=== Begin Enclosure ===

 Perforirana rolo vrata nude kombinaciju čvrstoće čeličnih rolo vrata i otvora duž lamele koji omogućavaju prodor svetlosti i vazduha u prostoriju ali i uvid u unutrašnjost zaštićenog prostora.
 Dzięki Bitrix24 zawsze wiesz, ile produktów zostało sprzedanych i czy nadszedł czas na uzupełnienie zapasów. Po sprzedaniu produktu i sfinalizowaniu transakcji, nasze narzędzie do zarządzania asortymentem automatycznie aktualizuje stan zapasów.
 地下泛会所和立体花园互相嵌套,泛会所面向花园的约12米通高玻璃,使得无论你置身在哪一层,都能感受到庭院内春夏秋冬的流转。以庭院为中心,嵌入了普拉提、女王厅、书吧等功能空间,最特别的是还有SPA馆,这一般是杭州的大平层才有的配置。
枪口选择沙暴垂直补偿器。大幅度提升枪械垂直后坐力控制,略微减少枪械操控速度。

=== End Enclosure ===
=== Begin Enclosure ===

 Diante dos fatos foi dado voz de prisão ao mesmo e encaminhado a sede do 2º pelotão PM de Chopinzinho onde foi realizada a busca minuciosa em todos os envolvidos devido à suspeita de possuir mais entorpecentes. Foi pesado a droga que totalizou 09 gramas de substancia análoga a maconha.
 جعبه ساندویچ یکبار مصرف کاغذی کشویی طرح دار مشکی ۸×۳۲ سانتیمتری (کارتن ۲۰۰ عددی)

=== End Enclosure ===

§ **Exercise**:
Within the material above, extract exactly the lines that start at the line containing "地下泛会所和立体花园互相嵌套" and stop after the line containing "枪口选择沙暴垂直补偿器。大幅度提升枪械垂直后坐力控制,略微减少枪械操控速度。", and only those.

§ **Task result**:
 地下泛会所和立体花园互相嵌套,泛会所面向花园的约12米通高玻璃,使得无论你置身在哪一层,都能感受到庭院内春夏秋冬的流转。以庭院为中心,嵌入了普拉提、女王厅、书吧等功能空间,最特别的是还有SPA馆,这一般是杭州的大平层才有的配置。
枪口选择沙暴垂直补偿器。大幅度提升枪械垂直后坐力控制,略微减少枪械操控速度。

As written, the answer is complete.